Bottom Line: The Right Dividend SWAN Can Help You Ride Out The Coming Correction And Enjoy The Next Bull Market
Let me be clear: I’m NOT calling the bottom in JNJ, VZ, or WEC (I’m not a market-timer).
Not even 13/13 Ultra SWAN quality does NOT mean “can’t fall hard and fast in a bear market.”
Fundamentals are all that determine safety and quality, and my recommendations.
- over 30+ years, 97% of stock returns are a function of pure fundamentals, not luck
- in the short term; luck is 25X as powerful as fundamentals
- in the long term, fundamentals are 33X as powerful as luck
While I can’t predict the market in the short term, here’s what I can tell you about these world-beater Super SWANs.
They represent very low-volatility companies with stable and recession-resistant cash-flows.
They have strong balance sheets:
- VZ: BBB+ = 5% fundamental risk
- WEC: A- credit rating = 2.5% fundamental risk
Their management is skilled, trustworthy, and has good to great long-term risk management, according to S&P.
- JNJ: 77th global percentile = low risk
- VZ: 48th percentile = medium-risk
- WEC: 68th percentile = low risk
And most of all, VZ and WEC can give you superior very safe high-yield with superior long-term income and total return potential.
All in a low volatility package to help you sleep well at night in the coming months as we wait for the 2023 recession to begin, end, and the new bull market to begin.

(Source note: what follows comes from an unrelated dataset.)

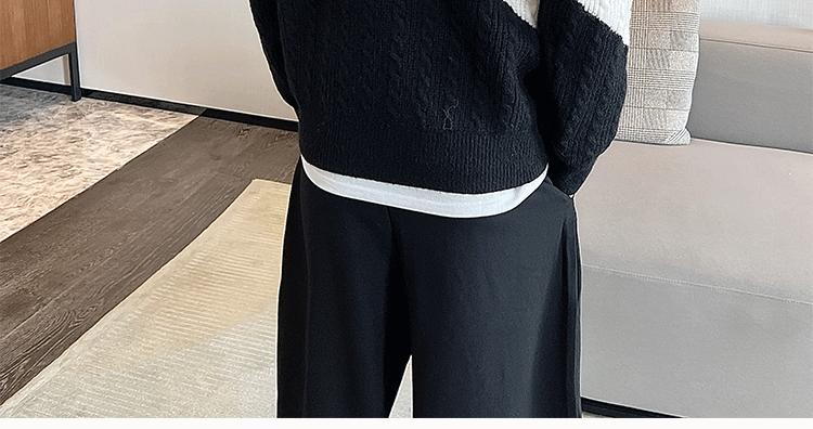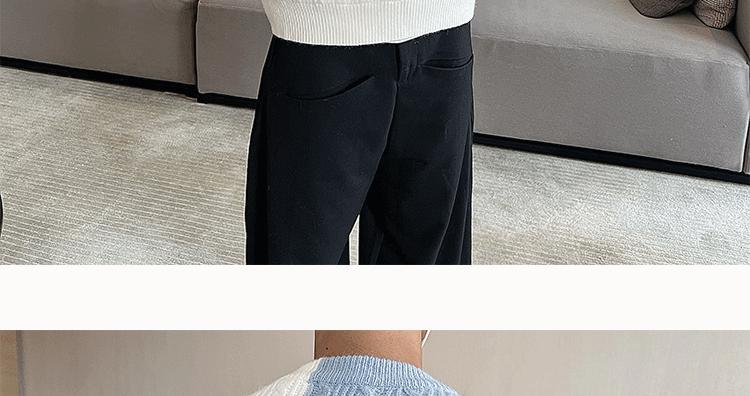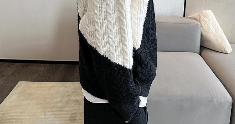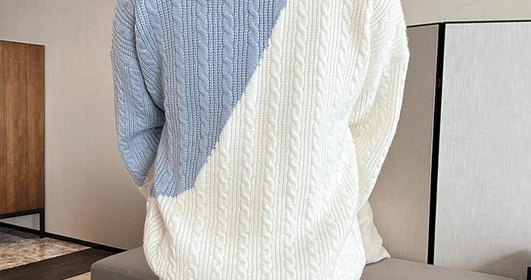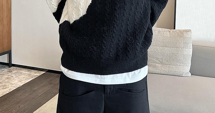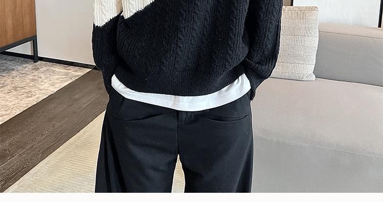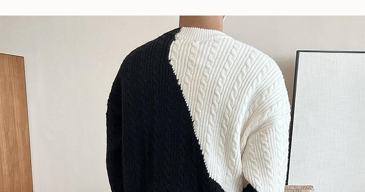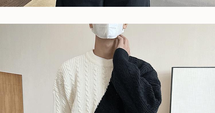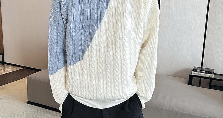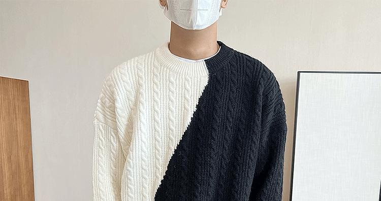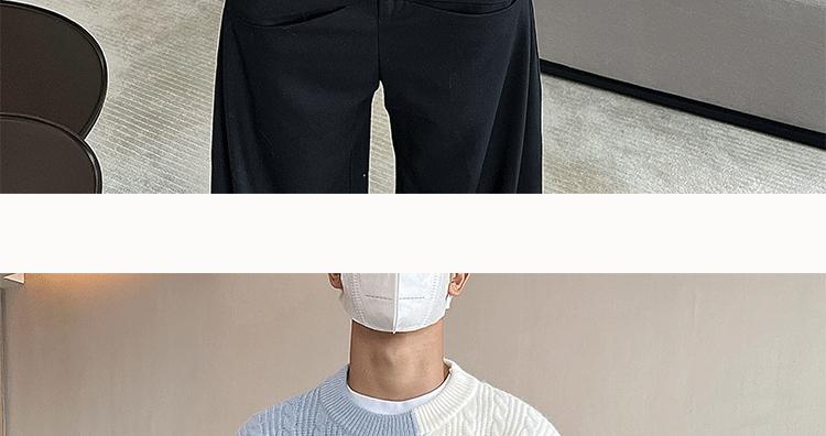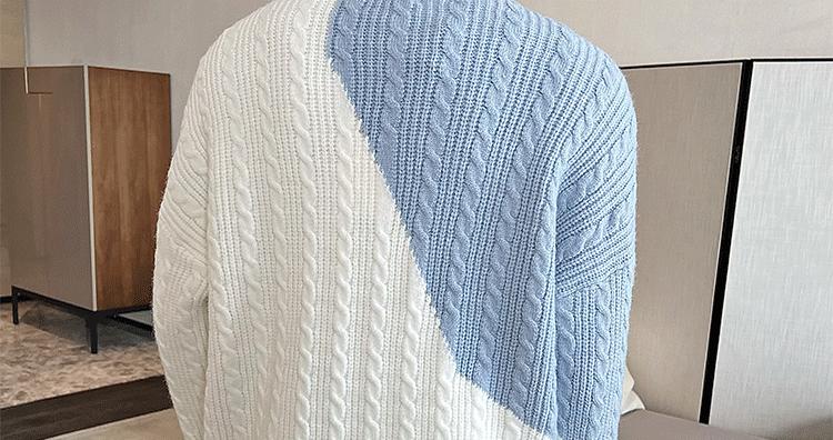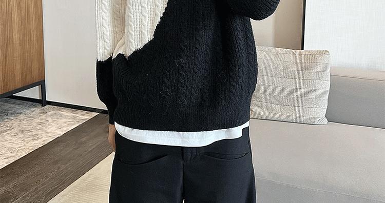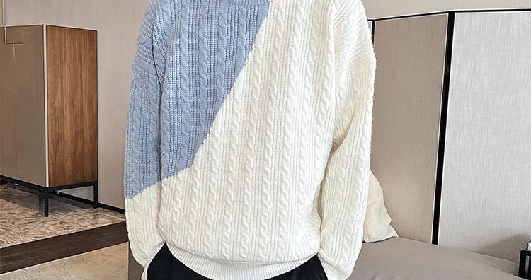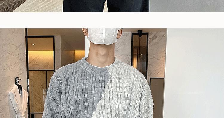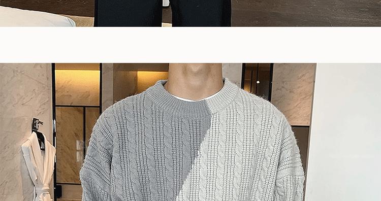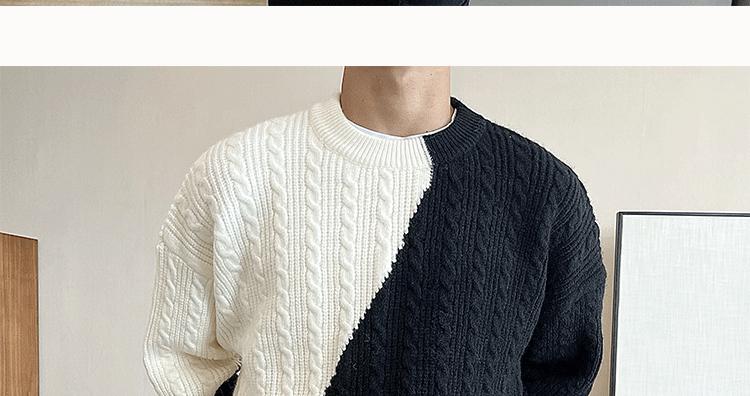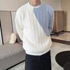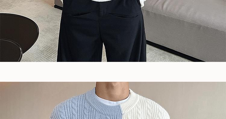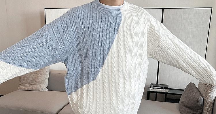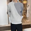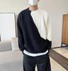 Suéter de cuello redondo con costuras Pu Shuai para hombre, top de manga larga, nueva marca de moda 2023, camisa de punto de color contrastante

Disclosure: I/we have no stock, option or similar derivative position in any of the companies mentioned, and no plans to initiate any such positions within the next 72 hours. I wrote this article myself, and it expresses my own opinions. I am not receiving compensation for it (other than from Seeking Alpha). I have no business relationship with any company whose stock is mentioned in this article.